OpenStack Block Storage (Cinder)

Key New Features

  • Support for Volume Replication.
  • Support for Consistency Groups and Snapshots of Consistency Groups.
  • Support for Volume Pools.

Known Issues

None yet

Upgrade Notes

  • Nova is now supporting the Cinder V2 API. The Cinder V1 API is deprecated in Juno and Nova will switch over to Cinder V2 by default in the "L" release.

OpenStack Telemetry (Ceilometer)

Key New Features

  • Support for partitioning metric collection load across horizontally scaled-out central agents
  • New method of partitioning alarm evaluation load using tooz coordination, as opposed to a hand-crafted protocol
  • Much improved SQLAlchemy storage performance & scalability, so that MySQL or PostgreSQL can be used as the metering store for PoCs or small deployments
  • Support for hardware-oriented monitoring of IPMI sensors via notifications from either Ironic or a new standalone agent
  • More flexible & efficient SNMP monitoring:
    • batching queries for multiple SNMP metrics into a single call to each daemon
    • dynamic discovery of nodes deployed by TripleO for SNMP polling
    • the ability to more easily extend the range of SNMP metrics that ceilometer gathers
    • the ability to derive new metrics from arithmetic transformations applied to multiple primary metrics
  • Metering of Neutron networking services: LBaaS, FWaaS & VPNaaS
  • New XenAPI compute inspector
  • Support for persisting events via the MongoDB & Hbase storage drivers (previously limited to SQLAlchemy)
  • Support for per-device metering of instance disks
  • Use of ceilometer as a collector for os-profiler data
  • New Telemetry section of the Cloud Administrator Guide

Known Issues

  • None yet

Upgrade Notes

OpenStack Orchestration (Heat)

Key New Features

  • Recovery from failures during stack updates
  • API to cancel and roll back an in-progress stack update
  • Implementation of new resource types:
    • OS::Glance::Image
    • OS::Heat::SwiftSignal
      • Provides the option to store Wait Condition (and Software Deployment) data in Swift
    • OS::Heat::StructuredDeployments
      • Groups code for multiple lifecycle events into a single deployment resource
    • OS::Heat::SoftwareDeployments
      • Provides a way of avoiding circular dependencies when deploying an interdependent cluster of servers
    • OS::Heat::SoftwareComponent
    • OS::Nova::ServerGroup
    • OS::Sahara::NodeGroupTemplate
    • OS::Sahara::ClusterTemplate
  • Remember the previously-supplied parameters when updating a stack
  • Improved scalability
  • Improved visibility into trees of nested stacks

Known Issues

None yet

Upgrade Notes

OpenStack Database service (Trove)

Key New Features

  • support for PostgreSQL databases
  • per datastore volume support
  • support for MongDB clusters

Known Issues

None yet

Upgrade Notes

None yet

OpenStack Documentation

  • This release, the OpenStack Foundation funded a five-day book sprint to write the new OpenStack Architecture Design Guide.

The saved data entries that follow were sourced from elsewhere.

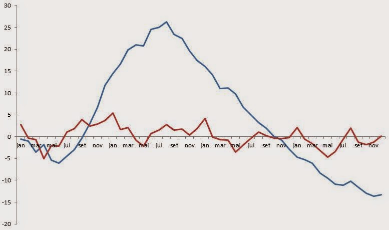 Primeiro, uma descrição da evolução económica espanhola que emula de muito perto a evolução portuguesa. Consumo privado a crescer mais de 2% em 2014 (2,2% em Portugal), as lojas registaram a melhor época de Natal desde o início da crise (em Portugal) e as vendas de carros cresceram 18% (34,8% em Portugal), tudo isto em ambiente deflaccionário desde Agosto de 2014.
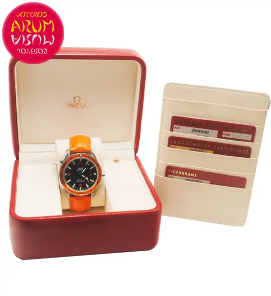 Other specifications :co-axial escapement, date at three, central seconds, luminous marks, helium valve, orange rotating bezel, auxiliary crown at ten. Year 2006.
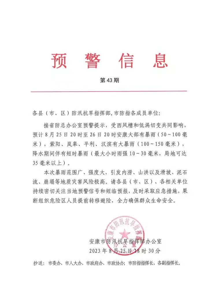 8月25日18時(shí)30分,市防汛抗旱指揮部發(fā)布預(yù)警信息:受西風(fēng)槽和低渦切變共同影響,預(yù)計(jì)8月25日20時(shí)至26日20時(shí)安康大部有暴雨(50—100毫米),紫陽、嵐皋、平利、漢濱有大暴雨(100~150毫米),降水期間伴有短時(shí)暴雨(最大小時(shí)雨強(qiáng)10—30毫米,局地可達(dá)35毫米以上)。
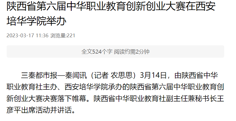 三秦都市报—秦闻讯(记者 农思思)3月14日,由陕西省中华职业教育社主办、西安培华学院承办的陕西省第六届中华职业教育创新创业大赛决赛落下帷幕。陕西省中华职业教育社副主任兼秘书长王彦平出席活动并讲话。

It offers architectures for general purpose, compute-focused, storage-focused, network-focused, multi-site, hybrid, massively scalable, and specialized clouds.
  • The High Availability Guide now has a separate review team and has moved into a separate repository.
  • The Security Guide now has a specialized review team and has moved into a separate repository.
  • The long-form API reference documents have been re-purposed to focus on the API Complete Reference.
  • The User Guide now contains Database Service for OpenStack information.
  • The Command-Line Reference has been updated with new client releases and now contains additional chapters for the common OpenStack client, the trove-manage client, and the Data processing client (sahara).
  • The OpenStack Cloud Administrator Guide now contains information about Telemetry (ceilometer).